Just until I lost everything from the neck down when he was beheaded on charges of adultery and betrayal ..., curiously the same crimes for which one could accuse Henry, but as I said before, it is good to be King ... Although gossips say that the real reason they lost the head, was for not giving the son the King ... That's what is colloquially called you crazy about a child ... but who knows, I was not there to see ...

Ana did many more things his life, but that's another story ....



Saturday, May 7, 2011

Gold Desert Eagle Gun

circus it paid off, lady! Exploring Iowa

And there are 3
panties for one euro (or a dollar, it would be more appropriate), are our American possessions which are in the process of disappearing. The first was the futon that we used to accommodate the visits were to sleep. Yesterday we put the cars for sale on craigslist , a page of sale and purchase of artifacts varied. At the moment we've had several calls and emails showing interest, we will see if something more concrete.

Wednesday, May 4, 2011

How To Make A Golden Retriever Cake

The night we were blind.

Nightlife brings sometimes see us involved in undesirable situations or, to put it another way, in uncomfortable situations. And I do not mean one is on foot ... And when I talk about nightlife, I mean life developed in hostess clubs. I mean clubs of alternatives in that drink, no sex. Although good, you can also consume sex ... but unpaid. In short, I'm already losing ground bringing me around the bush: clubs or similar ...

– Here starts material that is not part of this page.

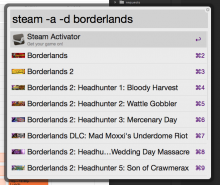 Options: -a / --all list all games for all platforms -d / --dlc include DLC in the list -i/--installed only show installed games -u/--user [username] link to this steam community library (use your steam community name, not your signin name!)

And one of those situations I was involved once. Fortunately I managed to manage without even breaking the seal ... Put yourself in the situation.

Local
crowded located there or at least try to dance with difficulty keep pace with the music?, Which sounds at a volume not recommended for the health of the ears of those present ... a few who try to a link with some and trying to flirt with others ... So far nothing unusual. Nor is anything unusual that you come and ask you: Do you have a cigarette ... blonde? After all is one of the most used phrases to start a flirtation ...

Question my head full of doubts. Want to know if I have a blond cigarette ... or have wanted to ask if I have a cigarette and then I shall call blonde ... To make a long blonde cigar bag situation is accepted immediately, though it remains in doubt whether I shall call blonde or not. And of course, as things could not end there comes the question that always follows that first question: Do you have fire? ... And give up my seat for the cigarette lighter does not lose its usefulness ...

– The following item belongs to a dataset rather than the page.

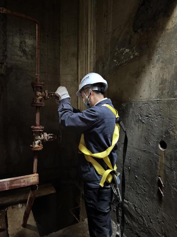 10时47分,在新城区华清学府城小区门前,贺海朋与班组搭档全副武装,两人熟练地掀开井盖、稳妥挂好安全绳索,循着爬梯一步步深入6至7米深的井下作业点。“这里是小区地势最高点,管道上翻处容易积聚空气形成气堵。”贺海朋一边说着,一边缓缓拧开管道上的大型排气手轮,“呲呲呲”的气流声随即响起,不一会儿便转为连续的水流声。排气后,他们不忘俯身仔细查看管道接口、焊缝处是否有渗水痕迹。“排气是供暖前的关键步骤,气堵会导致热水循环流量变小,直接影响居民家中供热效果。”贺海朋介绍,连日来,班组全员穿梭在辖区户外管线之间,逐段逐点开展排气作业,同步排查管道渗漏隐患,全力保障供热管网循环顺畅,为暖流平稳入户扫清障碍。

After turning the cigar smoke and throw me in the face let me go as follows: "You look like ...." And I asked: "What I who look like ?"... Not in a tone of disbelief, but had not heard anything (damn music ...). And I say again, this time hitting his mouth to my ear: "You look like Brad Pitt" ... Again I ask: "What I look like who?" Yes, this time in a tone of disbelief (I think I look like Brad Pitt only in the act of breathing, and I say believe because I'm not sure that even seems to us that ...). At the time I cleared the doubt if I would call fair: not only did not see my face but it was also impossible for him to see the little hair I have ... let alone I could see it being fair .... God knows what would have been drinking. Or what would have smoked. Or both. Or more.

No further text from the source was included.